Crop the indicated arrow from the center of rotation all the way to the outside rim. Include the center of rotation, so that the location is known later, and the rotation around that point can be calculated.

Update on Method 1

I tried this. I tried to match the crop of the arrow from the first image to the arrows in the other images. It works often but not on all frames in the sequence. A higher resolution video without that awful GIF compression would be nice. I personally think now, that this method is the one that will give better results.

Method 2

Let the purely rotational model be that x' = R x, where x and x' are 2D vectors and R a 2x2 rotation matrix.

We could solve this using LS just as mentioned above in the affine case. (Namely A = [x y 0 0; 0 0 x y]) However, if x and y are in image coordinates (pixels) then the model is plain wrong as it gives rotation around the origin. Automatically determining the origin is impossible from inside the model (could be possible by doing the affine transformation first and knowing the center for the first frame and thus extrapolating for every frame).

Assuming for simplicity that the center of rotation is the same in every image. Let it be described by the vector t. Then we just have to subtract t from x and x' before estimating the rotational model.

The implementation is actually a bit more difficult because the above wouldn't enforce I = R' R on the rotation matrix. Read https://math.stackexchange.com/a/77466 Kabsch algorithm for more.

Update on Method 2

The problem remains that virtually non-moving points have to be classified as outliers (the three groups of points you mention in your question). I tried removing the points from the translation first, and then estimating the rotation on the rest. This did not work well.

Update 2

I pushed the code to a Github repository MatlabRotationEstimation. For further progress I think higher resolution input files are needed. It would also be interesting to know, whether you need a frame by frame rotational speed or whether some agglomerative information is sufficient.
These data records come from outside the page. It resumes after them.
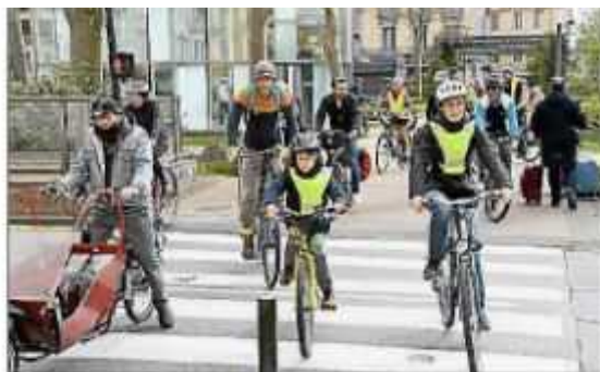
Au départ du square Gambetta.
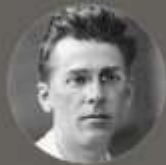
ПАВЛО ТИЧИНА 1918

На Аскольдовій могилі Український цвіт! — По кривавій по дорозі Нам іти у світ.
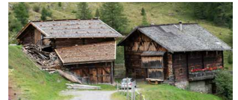
Neues Schindeldach am landwirtschaftlichen Gebäude am Innerkoflhof in Kurzras
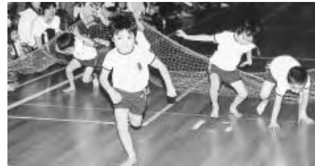
もみじ保育園・とこなみ保育園
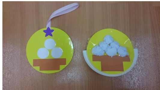
お月見メダル・ゆらゆらお月見ウラ
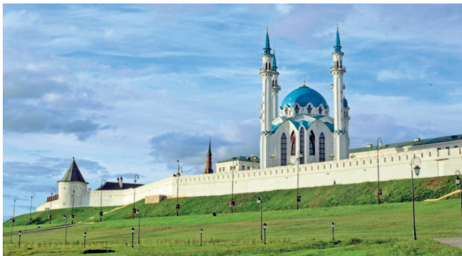
Казанский кремль — объект Всемирного наследия ЮНЕСКО
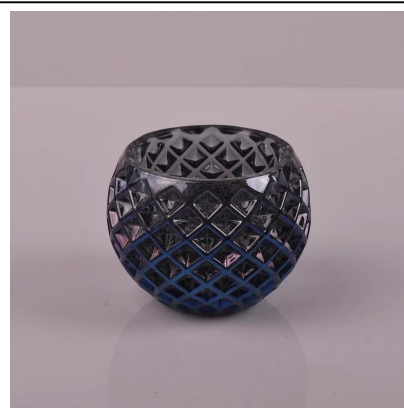
castiçais de vidro padrão de tecido
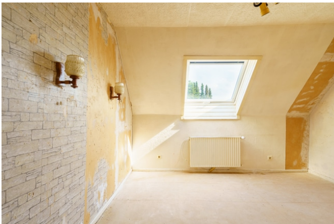
Zimmer 2 im DG
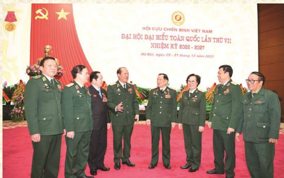
THƯỜNG TRƯC TRUNG ƯƠNG HỘI TRAO ĐỔI VỚI ĐẠI BIỂU TRONG GIỜ GIẢI LAO
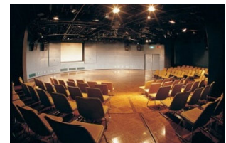
アクロス福岡 円形ホール

※新型コロナウイルス感染症の状況により、オンライン配信のみになる可能性があります。
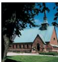
S:t Görans kyrka Ö. Esplanadgatan 6 Mariehamn

+1 for this. RANSAC to estimate the transformation matrix is the way to go. — rayryeng, Jun 07 '14 at 09:13
This is actually quite challenging. The first motion here is the translation (almost none maybe a bit of jittering), most points will belong to this transformation. The second, which we want, is the rotation! So, many more inliers will belong to the transformation "no/little movement". — Unapiedra, Jun 07 '14 at 15:04

score 1 · Answer 2 · answered Feb 11 '16 at 19:47

Cross-correlation method to find the rotation of wheel (between two different images extracted from the video)

1) Find the center of the wheel. Threshold and detect center (like pupil detection). You can add an artificial markers on the hub/axle.

2) Using the center crop ROI at the center (spoke only)

3) Use log-polar transform (from the center of the hub/axle). You can get a band of pixels (doughnut) or a line of pixels (ring).

4) Repeat (1)-(3) for the second image

5) Cross-correlate two band from two images (as described above)

6) The location of the maximum in the correlation will let you know how much rotation the wheel has experienced. The midpoint of the length of correlation array is where you have 0 rotation.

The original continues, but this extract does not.